:: Data supplied ::

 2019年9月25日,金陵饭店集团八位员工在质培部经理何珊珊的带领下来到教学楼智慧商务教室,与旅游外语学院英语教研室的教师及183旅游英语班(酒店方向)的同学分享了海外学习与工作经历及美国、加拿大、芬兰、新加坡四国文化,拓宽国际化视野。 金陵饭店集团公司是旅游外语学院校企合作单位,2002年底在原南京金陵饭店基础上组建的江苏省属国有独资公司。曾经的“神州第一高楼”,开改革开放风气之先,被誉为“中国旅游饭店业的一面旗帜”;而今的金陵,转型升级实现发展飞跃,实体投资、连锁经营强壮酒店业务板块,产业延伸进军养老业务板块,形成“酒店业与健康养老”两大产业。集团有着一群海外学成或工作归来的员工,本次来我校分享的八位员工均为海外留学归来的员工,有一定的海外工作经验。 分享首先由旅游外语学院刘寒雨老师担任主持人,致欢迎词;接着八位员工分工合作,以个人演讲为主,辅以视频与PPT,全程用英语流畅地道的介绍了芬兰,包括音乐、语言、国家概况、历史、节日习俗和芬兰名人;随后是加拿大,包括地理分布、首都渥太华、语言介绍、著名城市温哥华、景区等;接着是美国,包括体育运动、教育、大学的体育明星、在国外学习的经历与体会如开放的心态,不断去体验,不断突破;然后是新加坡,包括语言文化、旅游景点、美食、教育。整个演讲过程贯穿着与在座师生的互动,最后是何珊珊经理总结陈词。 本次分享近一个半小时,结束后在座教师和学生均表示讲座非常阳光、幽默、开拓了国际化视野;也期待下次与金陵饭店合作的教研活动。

:::
:: Data supplied ::

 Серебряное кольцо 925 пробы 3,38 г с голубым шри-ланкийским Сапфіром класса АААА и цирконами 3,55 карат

:::
:: Data supplied ::

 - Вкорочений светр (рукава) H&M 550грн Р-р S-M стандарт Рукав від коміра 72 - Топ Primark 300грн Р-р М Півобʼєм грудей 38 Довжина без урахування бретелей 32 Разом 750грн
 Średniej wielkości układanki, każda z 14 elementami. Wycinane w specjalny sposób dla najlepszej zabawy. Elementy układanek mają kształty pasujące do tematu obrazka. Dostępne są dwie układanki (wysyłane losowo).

:::

**Exercise:** Wherever the line holding "- Вкорочений светр" falls in the entries above, copy exactly from it through the line holding "Średniej wielkości układanki, każda", inclusive, and add nothing.

**Response area:**
 - Вкорочений светр (рукава) H&M 550грн Р-р S-M стандарт Рукав від коміра 72 - Топ Primark 300грн Р-р М Півобʼєм грудей 38 Довжина без урахування бретелей 32 Разом 750грн
 Średniej wielkości układanki, każda z 14 elementami. Wycinane w specjalny sposób dla najlepszej zabawy. Elementy układanek mają kształty pasujące do tematu obrazka. Dostępne są dwie układanki (wysyłane losowo).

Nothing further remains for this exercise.